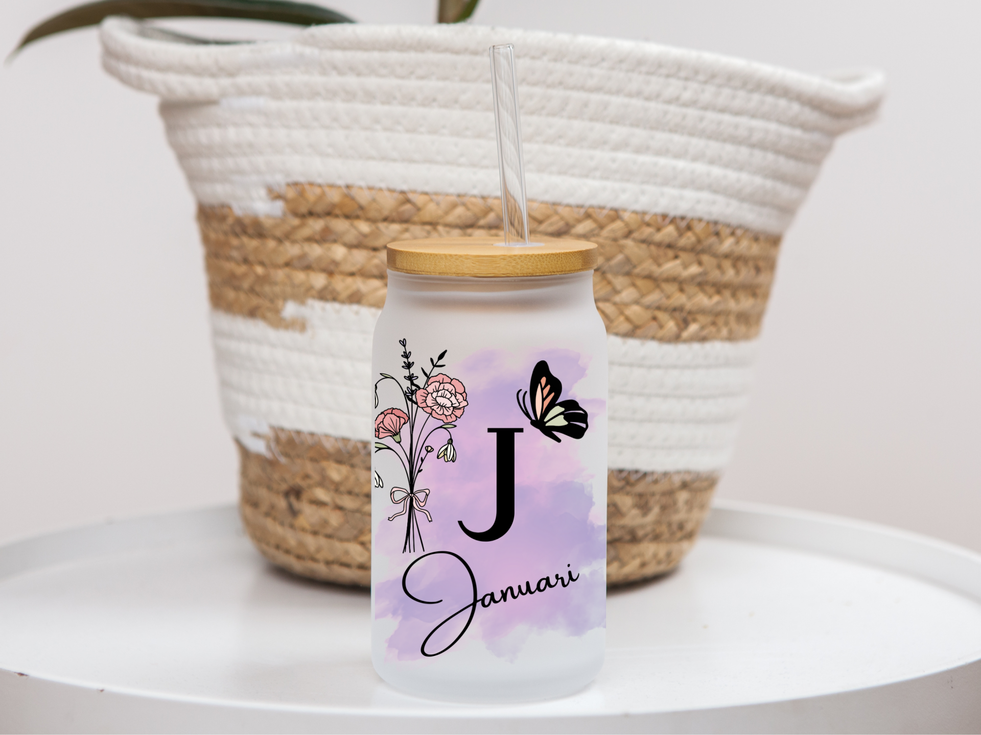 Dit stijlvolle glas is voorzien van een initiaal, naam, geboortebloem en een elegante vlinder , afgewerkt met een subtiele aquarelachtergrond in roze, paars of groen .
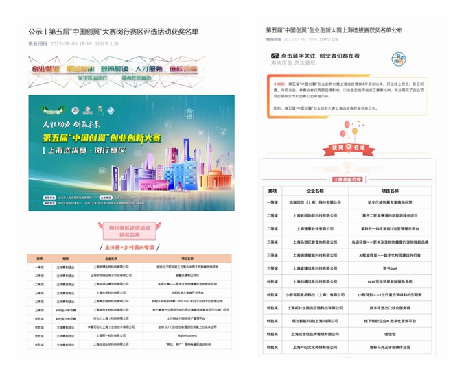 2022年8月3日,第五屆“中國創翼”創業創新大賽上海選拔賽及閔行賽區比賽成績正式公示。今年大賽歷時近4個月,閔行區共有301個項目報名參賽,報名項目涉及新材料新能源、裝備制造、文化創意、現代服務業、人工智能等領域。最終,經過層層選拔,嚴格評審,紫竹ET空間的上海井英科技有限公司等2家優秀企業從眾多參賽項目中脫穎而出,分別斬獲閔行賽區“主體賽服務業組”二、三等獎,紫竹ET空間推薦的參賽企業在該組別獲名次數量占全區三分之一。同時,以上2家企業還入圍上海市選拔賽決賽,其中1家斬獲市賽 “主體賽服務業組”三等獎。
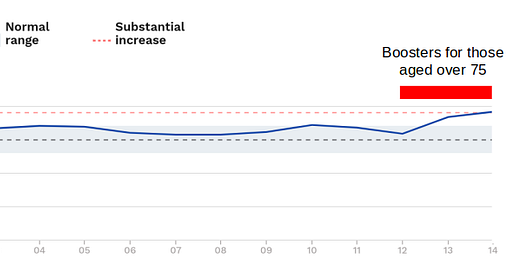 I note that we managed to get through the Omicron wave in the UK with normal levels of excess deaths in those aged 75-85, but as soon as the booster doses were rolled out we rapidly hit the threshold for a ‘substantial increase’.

== == ==

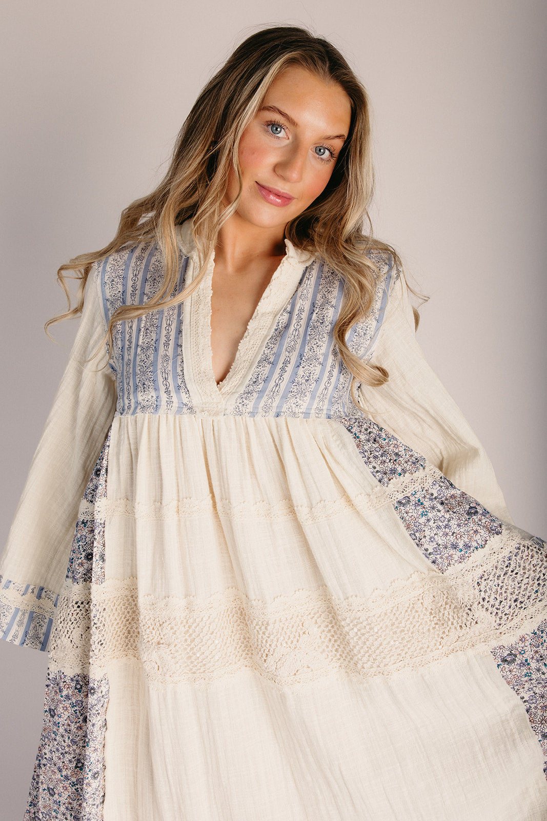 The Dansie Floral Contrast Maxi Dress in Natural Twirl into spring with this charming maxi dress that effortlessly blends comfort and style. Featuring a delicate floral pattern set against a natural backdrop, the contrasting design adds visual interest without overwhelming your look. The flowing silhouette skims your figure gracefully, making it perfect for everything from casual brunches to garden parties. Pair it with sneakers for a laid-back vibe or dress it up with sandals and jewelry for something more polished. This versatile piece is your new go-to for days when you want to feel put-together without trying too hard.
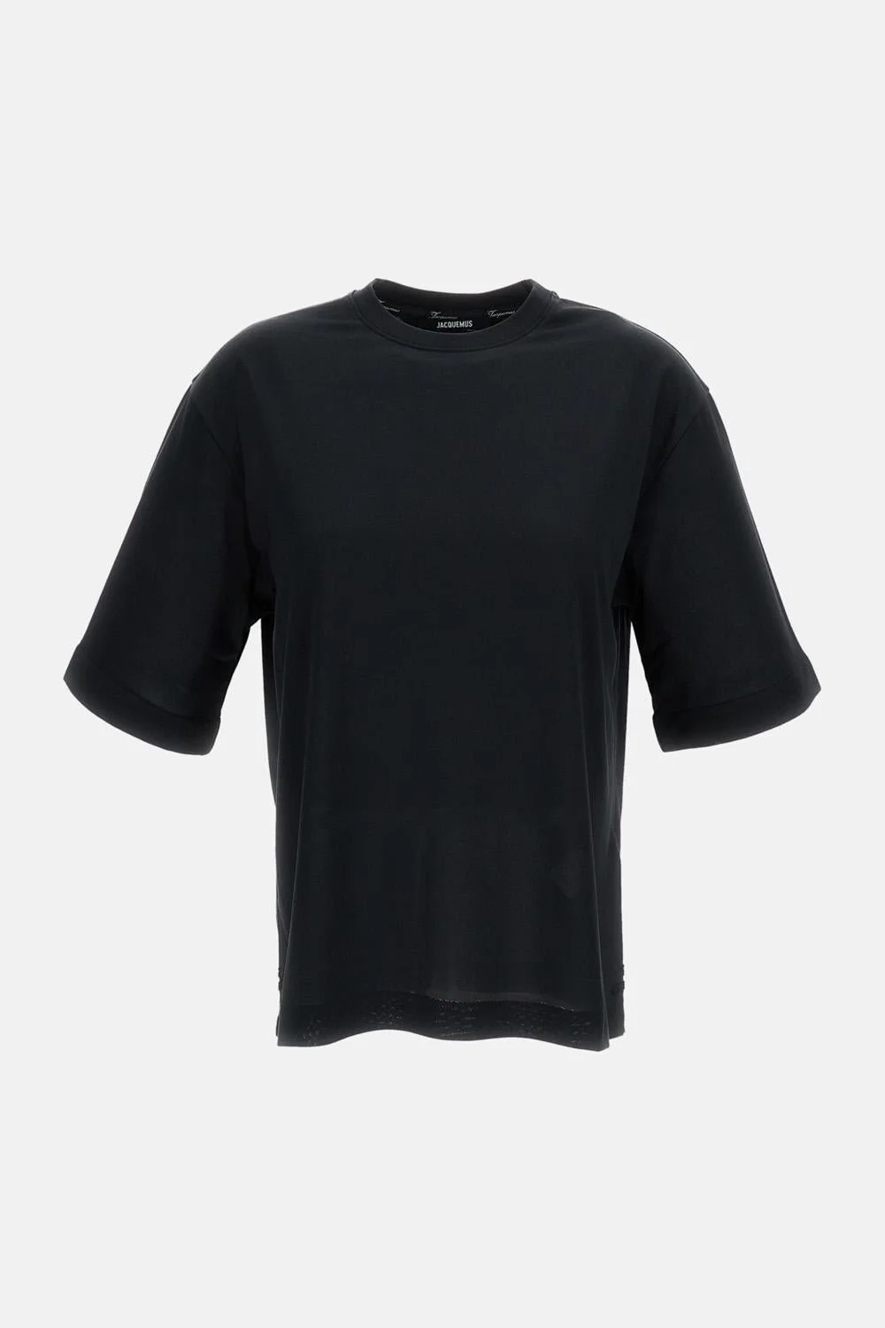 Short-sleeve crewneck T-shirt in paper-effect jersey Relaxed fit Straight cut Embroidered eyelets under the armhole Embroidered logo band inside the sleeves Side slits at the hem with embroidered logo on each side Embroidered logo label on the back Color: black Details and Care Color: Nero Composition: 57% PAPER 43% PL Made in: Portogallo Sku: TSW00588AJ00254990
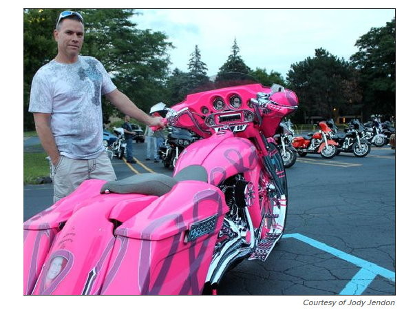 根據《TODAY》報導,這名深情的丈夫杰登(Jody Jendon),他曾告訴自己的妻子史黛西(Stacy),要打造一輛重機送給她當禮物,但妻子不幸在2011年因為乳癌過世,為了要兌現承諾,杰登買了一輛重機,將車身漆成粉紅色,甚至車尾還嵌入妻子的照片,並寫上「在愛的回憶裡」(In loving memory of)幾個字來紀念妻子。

== == ==

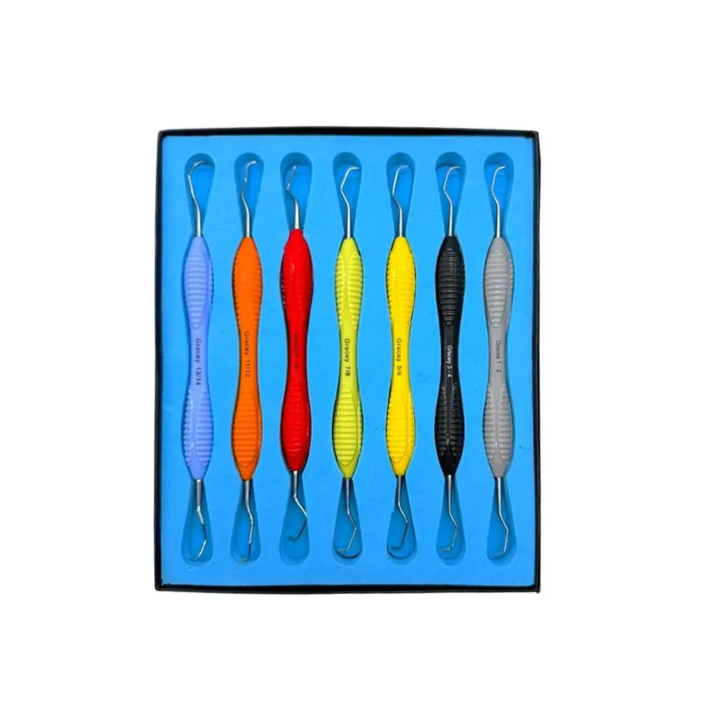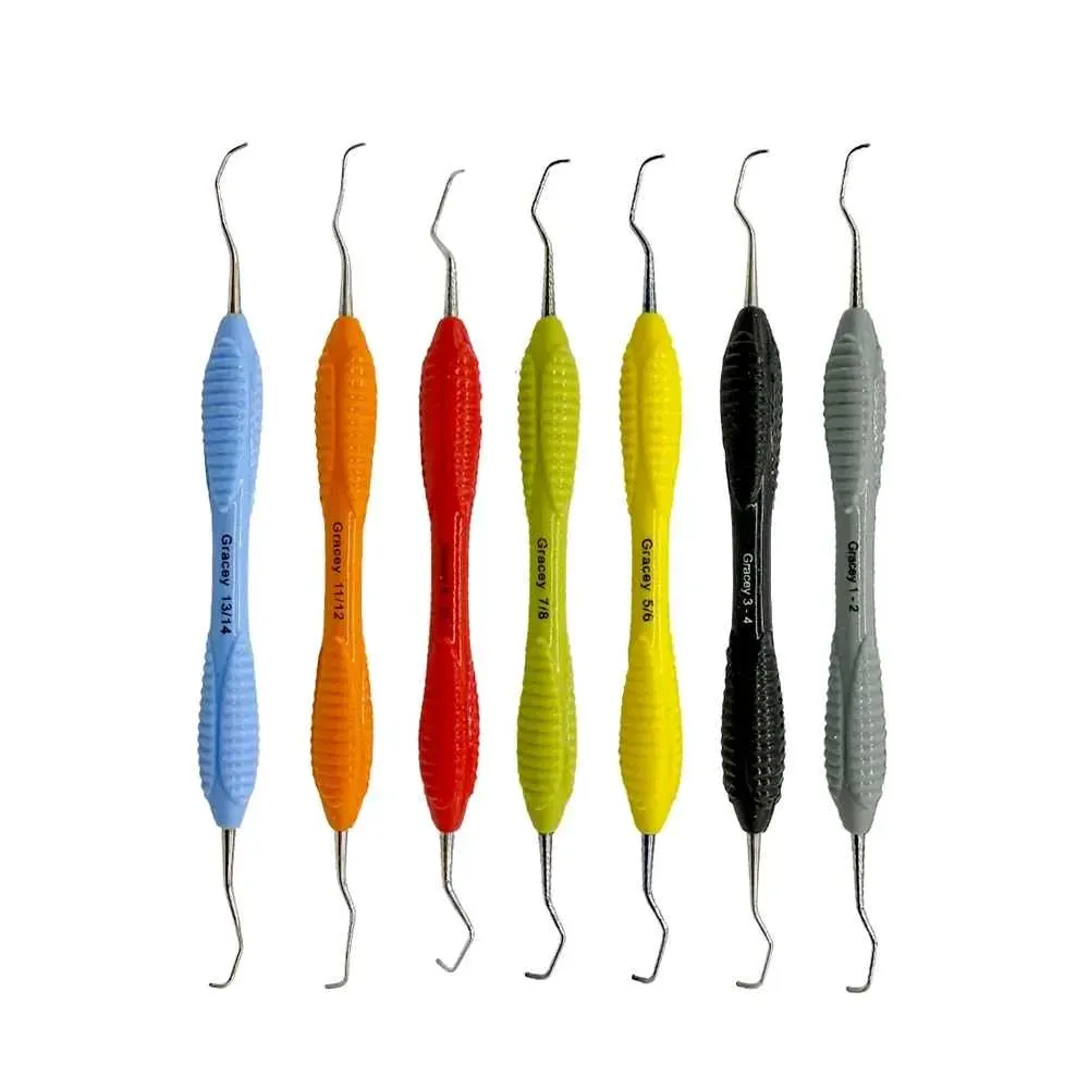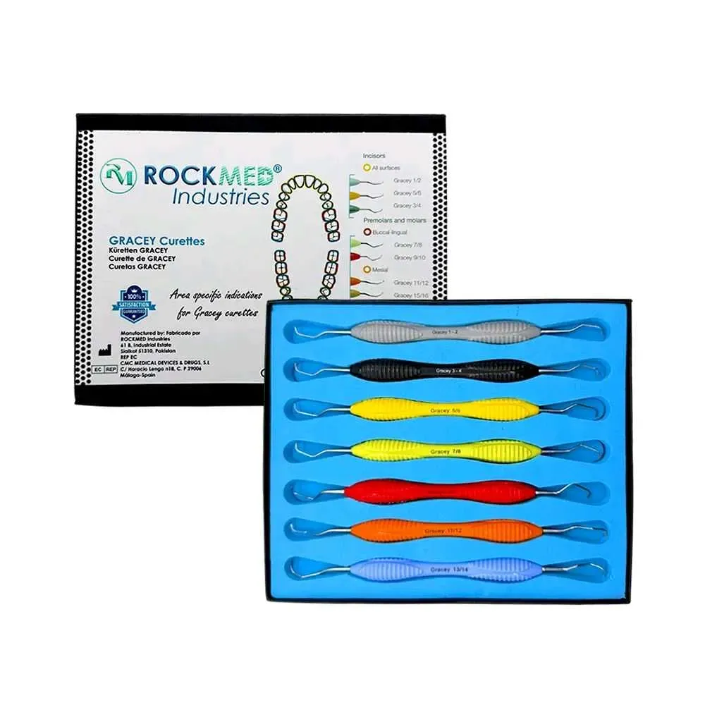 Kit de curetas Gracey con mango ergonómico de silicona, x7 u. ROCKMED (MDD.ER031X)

== == ==

[Work order]
All that should be printed is the run of lines above from the one with "The Dansie Floral" through the one with "loving memory of)幾個字來紀念妻子。", both included, exactly as given, with pictures left out.

[Written answer]
 The Dansie Floral Contrast Maxi Dress in Natural Twirl into spring with this charming maxi dress that effortlessly blends comfort and style. Featuring a delicate floral pattern set against a natural backdrop, the contrasting design adds visual interest without overwhelming your look. The flowing silhouette skims your figure gracefully, making it perfect for everything from casual brunches to garden parties. Pair it with sneakers for a laid-back vibe or dress it up with sandals and jewelry for something more polished. This versatile piece is your new go-to for days when you want to feel put-together without trying too hard.
 Short-sleeve crewneck T-shirt in paper-effect jersey Relaxed fit Straight cut Embroidered eyelets under the armhole Embroidered logo band inside the sleeves Side slits at the hem with embroidered logo on each side Embroidered logo label on the back Color: black Details and Care Color: Nero Composition: 57% PAPER 43% PL Made in: Portogallo Sku: TSW00588AJ00254990
 根據《TODAY》報導,這名深情的丈夫杰登(Jody Jendon),他曾告訴自己的妻子史黛西(Stacy),要打造一輛重機送給她當禮物,但妻子不幸在2011年因為乳癌過世,為了要兌現承諾,杰登買了一輛重機,將車身漆成粉紅色,甚至車尾還嵌入妻子的照片,並寫上「在愛的回憶裡」(In loving memory of)幾個字來紀念妻子。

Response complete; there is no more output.